The billionaire and his Silicon Valley allies landed in Washington and immediately moved to cut the size of the federal government, reprising the playbook he used after buying Twitter in 2022.
On Friday afternoon, the world’s richest person showed up at what sounds like one of the world’s most boring agencies to demand a list.
Elon Musk had arrived at the Office of Personnel Management, a mundane-sounding agency with vast power overseeing the federal civilian work force. During President Trump’s first term, the nation’s leader used the agency to enforce loyalty to his agenda. During his second term, it appears Mr. Musk may try to use the office to enforce loyalty to his own agenda.
Mr. Musk has stormed into Washington with a host of friends and paid employees, determined to leave his imprint quickly. Never before in modern times has someone so rich played such a hands-on role in American government, with Mr. Musk making himself omnipresent in Washington since flying there for Mr. Trump’s inauguration. His plane has not left.
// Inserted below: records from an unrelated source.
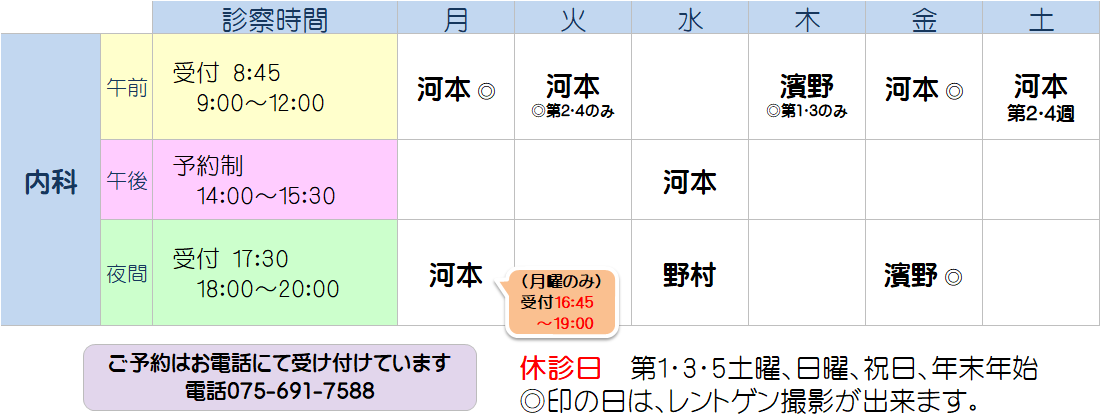 お気軽にお問い合わせください。医科075-691-7588 歯科691-5131診療・受付時間内にお願いします。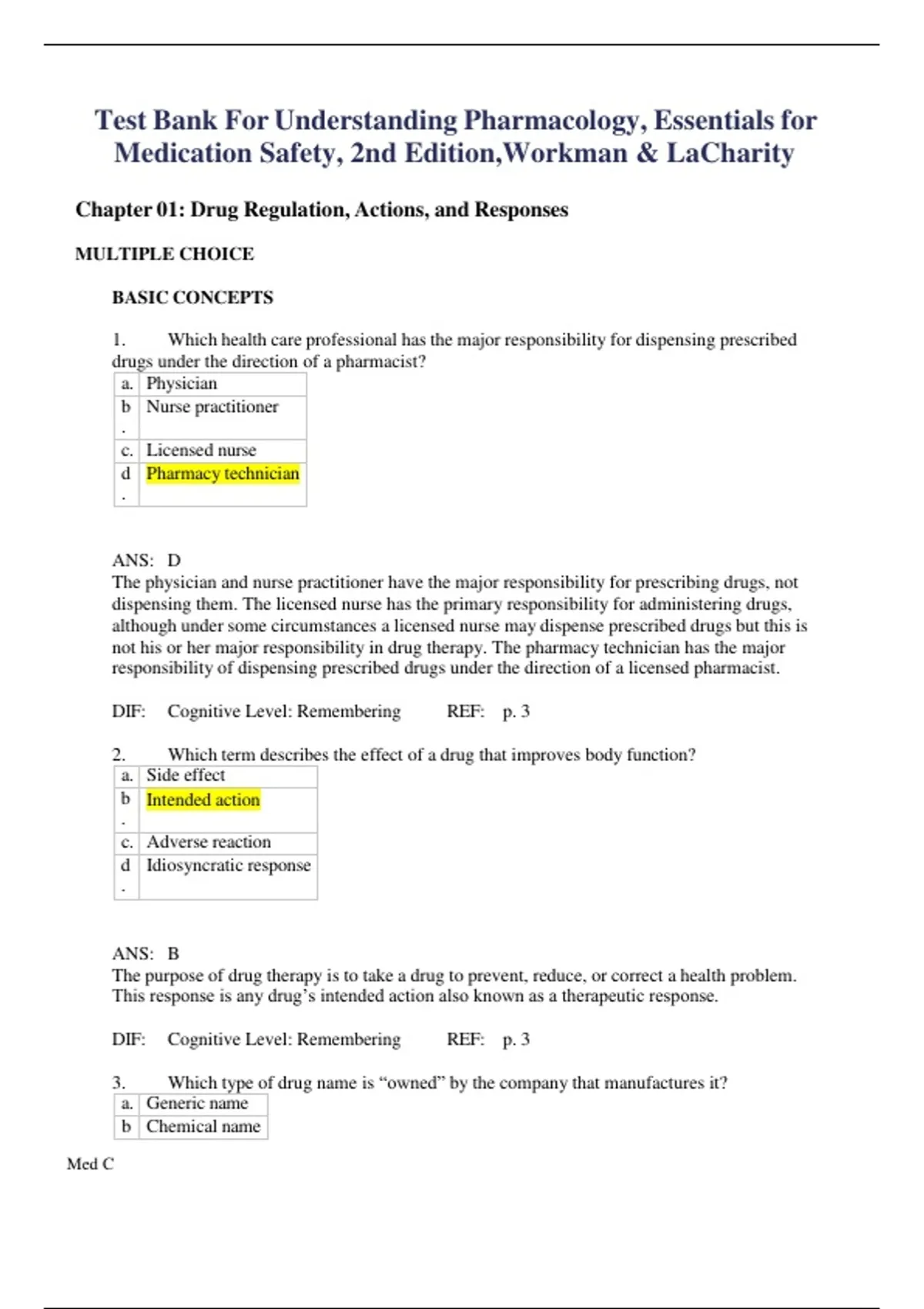 Test Bank For Understanding Pharmacology, Essentials for Medication Safety, 2nd Edition,Workman & LaCharity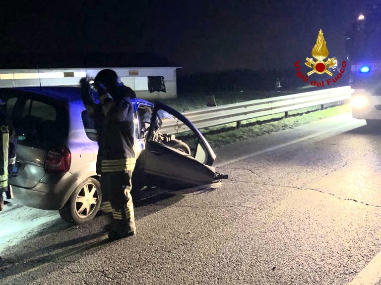 Violentissimo l’impatto sulle barriere stradali della bretella autostradale Thiene-Santorso, stanotte intorno alle 2.30, da parte di un’auto con a bordo la sola conducente al volante, rimasta ferita in maniera lieve. Praticamente, miracolata, così come commentato da alcuni degli operatori intervenuti per rimuovere i rottami della vettura. La parte anteriore del veicolo è finita disintegrata nell’urto, mentre la donna, una 47enne di origini straniere ma che risiede da tempo a Torrebelvicino, riusciva a fuoriuscire in autonomia dall’abitacolo e chiedere aiuto.
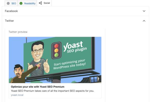 With Yoast SEO, you can effortlessly control what your posts look like when you share them on Twitter. Yoast SEO fills in the Twitter card with the information you provide in your post or page. In the Social tab of the Yoast SEO meta box, you can also manually add an image, a title, and a description. Our Premium plugin contains Social Previews which display what the Twitter Card will eventually look like based on the current page or post.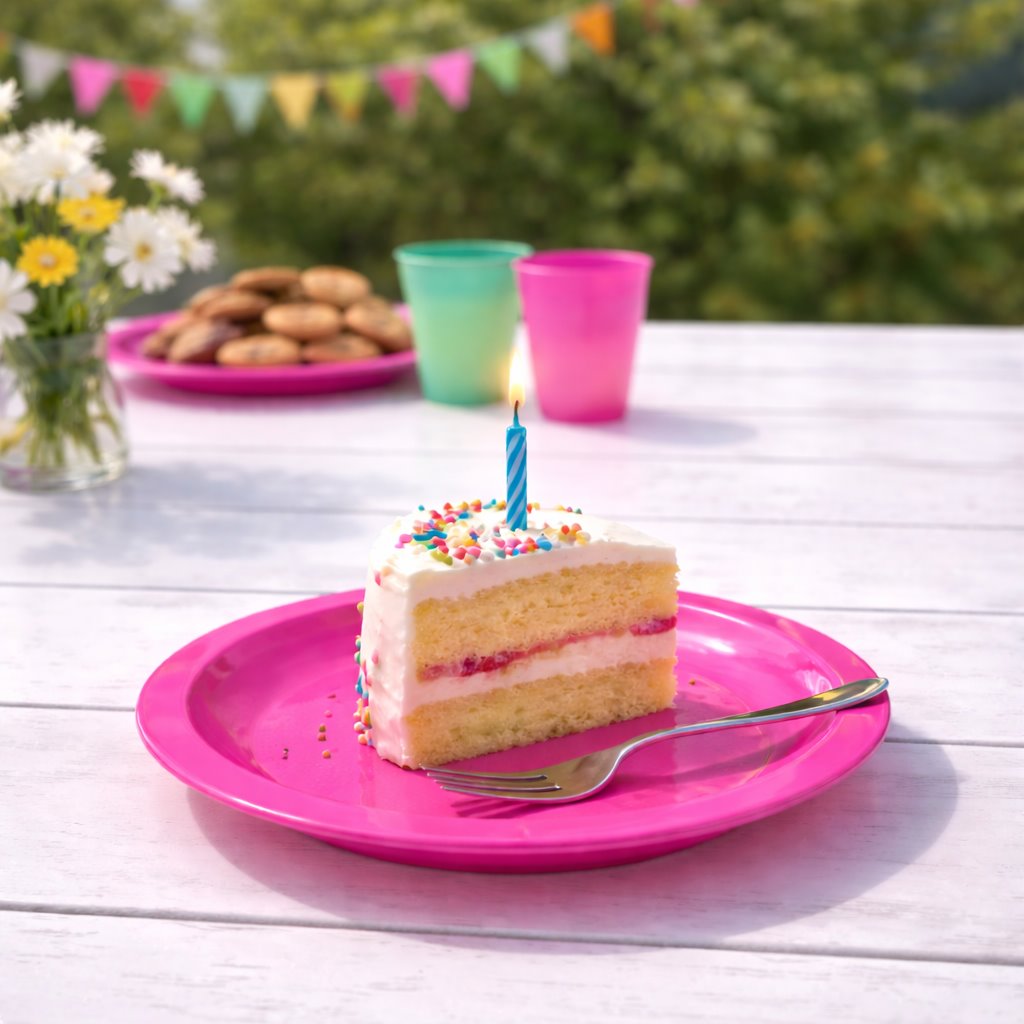 Kolor, który robi klimat 🎉 Różowy talerz od razu podkręca dekoracje urodzinowe, a przy tym jest po prostu wygodny – używasz, wrzucasz do zmywarki i gotowe.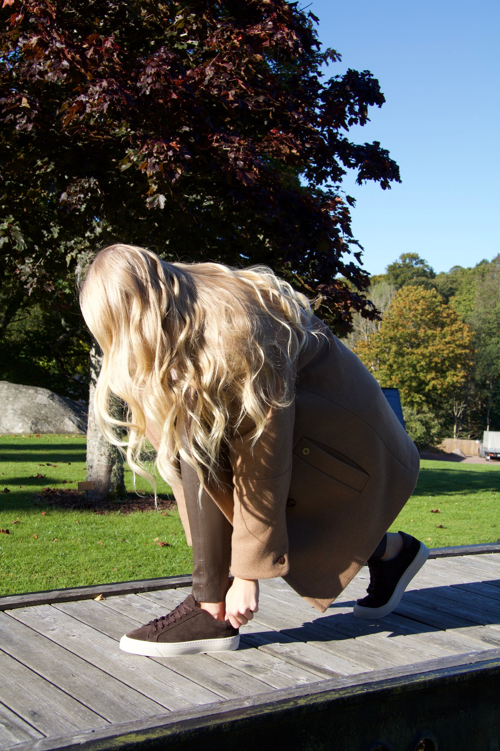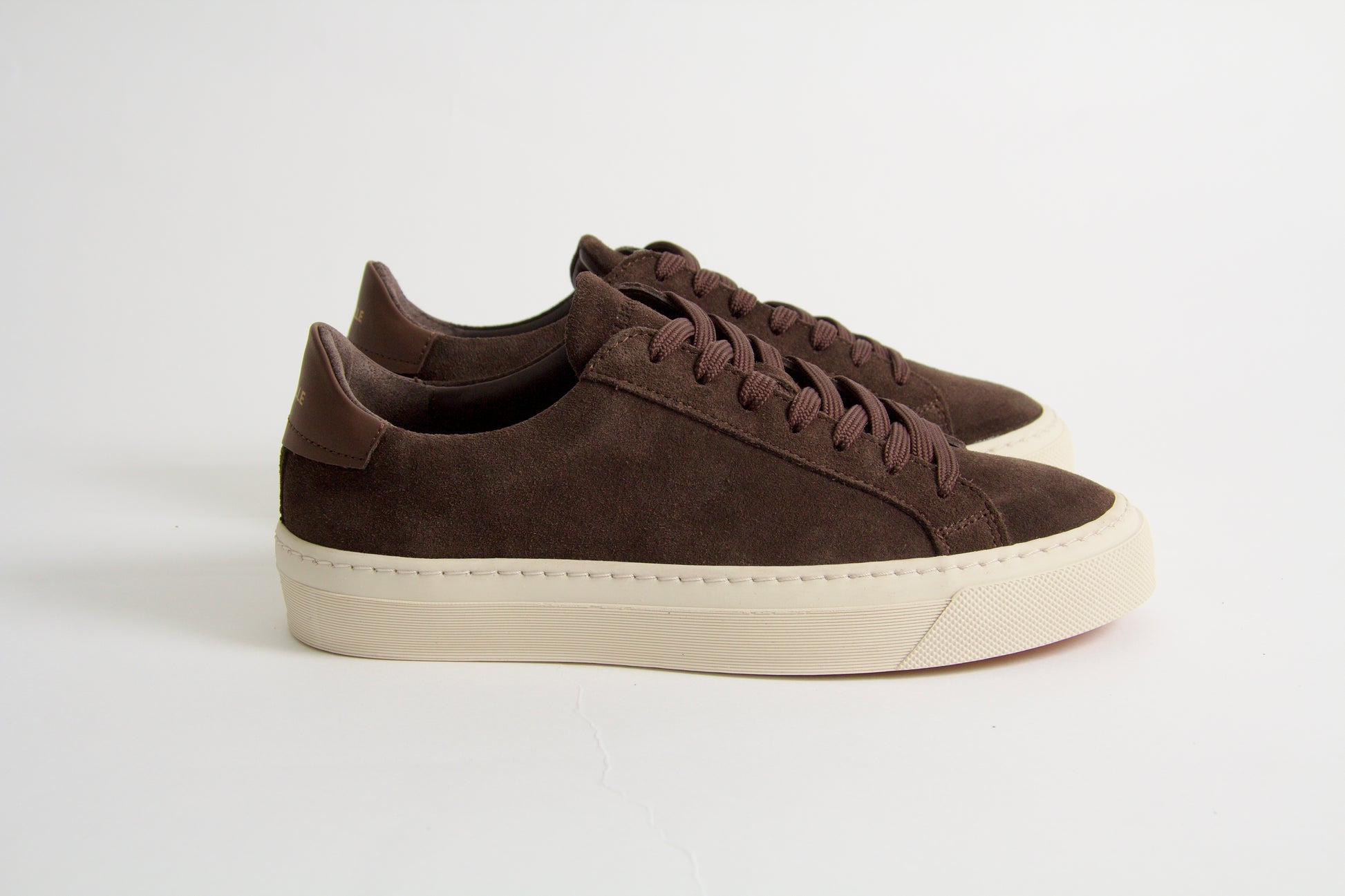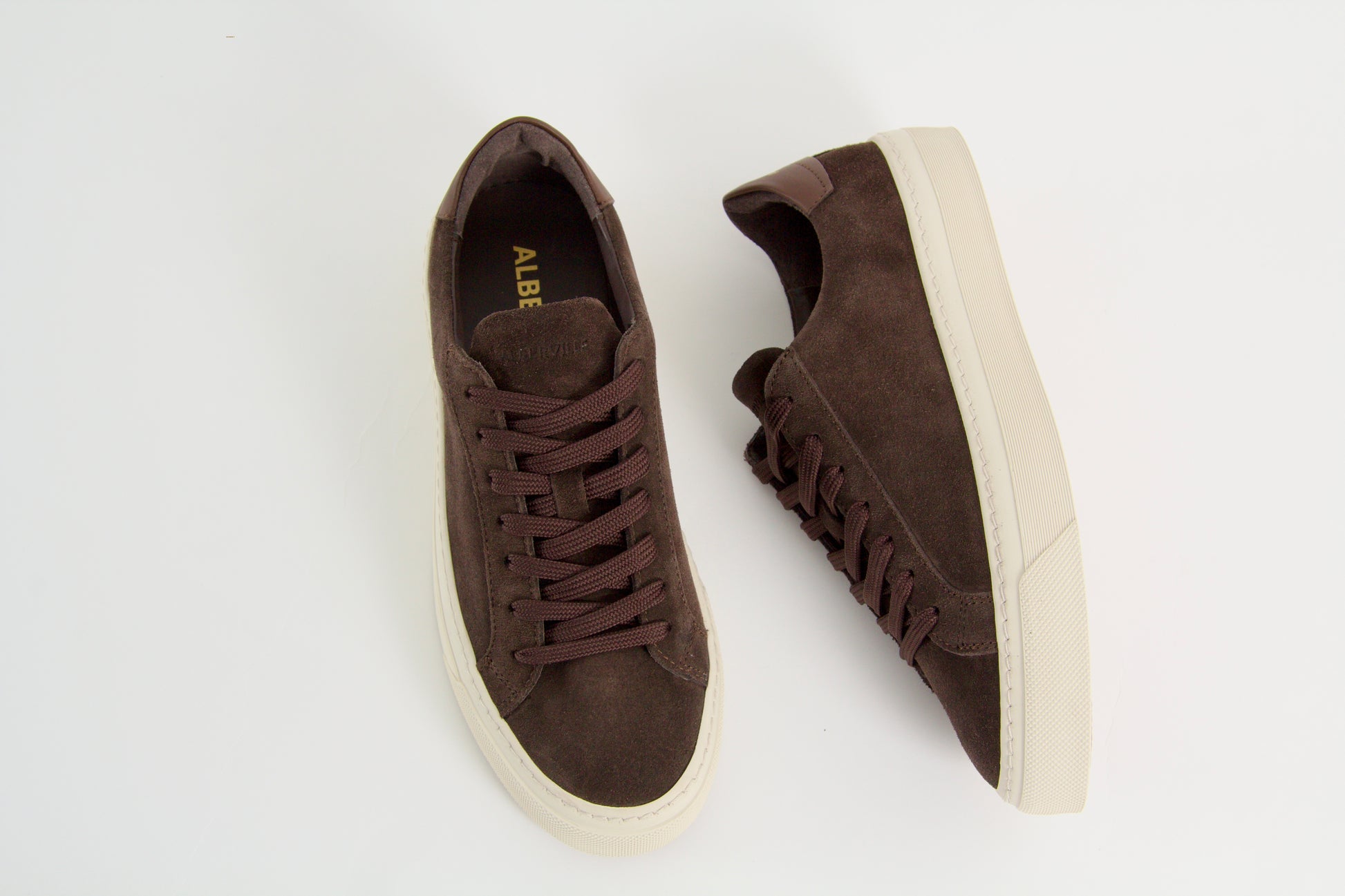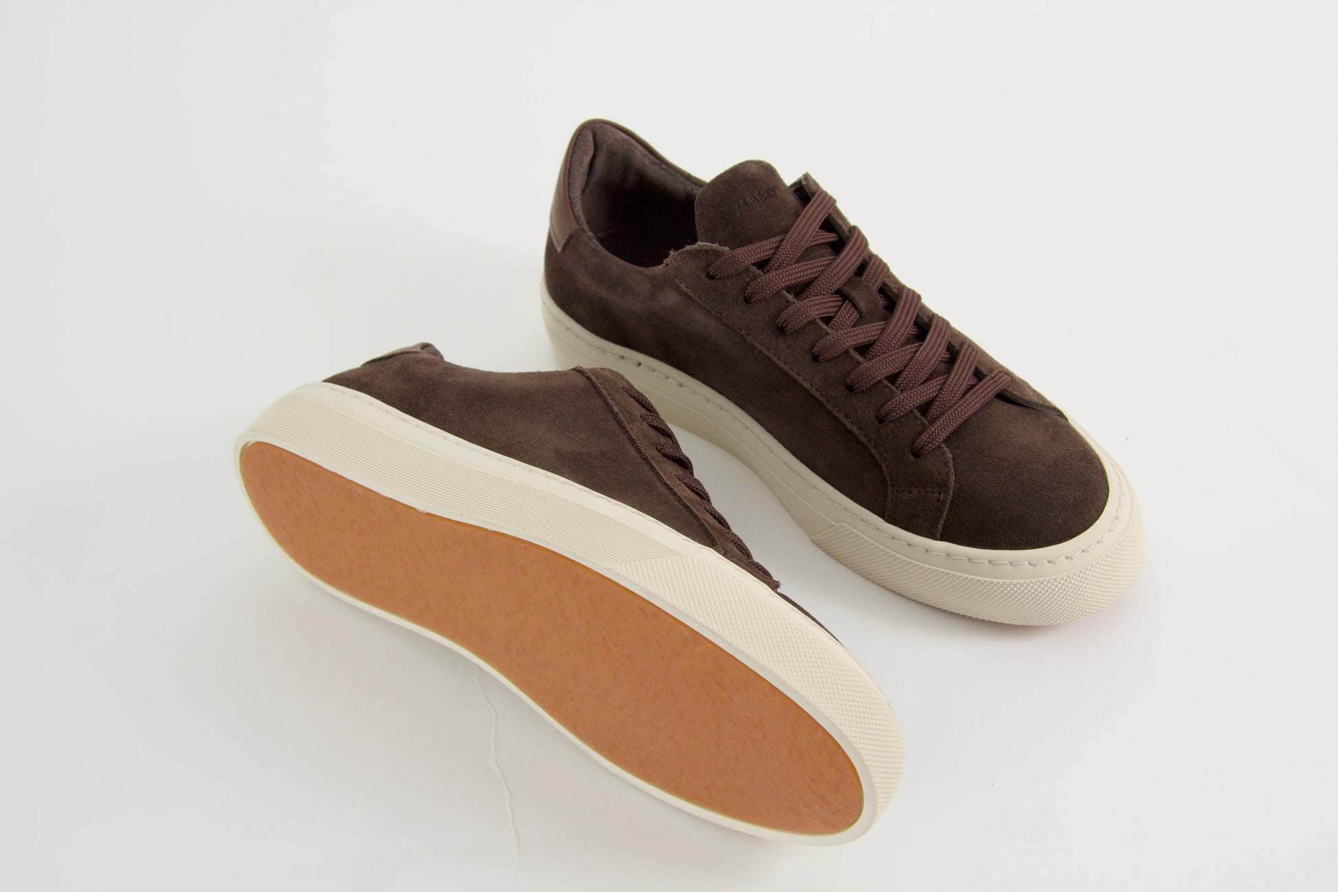 Minimalistic sneaker Wilde is made in dark brown suede with a matching lace-up fastening and an off white rubber sole. A classic sneakers that fits well to any outfit.

He is both a celebrity and a bureaucrat, sometimes simultaneously. At one moment, he and several of his billionaire friends, including the investor Antonio Gracias, were mingling with fixtures of the Washington establishment at the annual dinner of the Alfalfa Club, where several attendees broke the event’s unwritten no-phones policy and mobbed him for selfies. At another, he was spotted in the White House mess, where 20-something staff members grab sandwiches between meetings — but unlike Mr. Musk, most do not return to a West Wing office to help oversee what Mr. Trump says is a 40-person team carrying out his executive orders.
Mr. Musk has taken to Washington with his trademark single-mindedness and bravado. He is reprising the tactics he deployed at Twitter, which he bought in 2022: He has brought to bear the full weight of his Silicon Valley network, installing some of the same executives who cut 80 percent of the social network’s staff, and even using the same email subject lines. He has promised “mass head-count reductions across the federal bureaucracy,” and is now racing to do just that.
On Mr. Trump’s first day, he empowered Mr. Musk by establishing the so-called Department of Government Efficiency, a cost-cutting effort that Mr. Musk is leading. Mr. Trump gave the group the authority to work on a plan to reduce the size of the federal work force, among other things.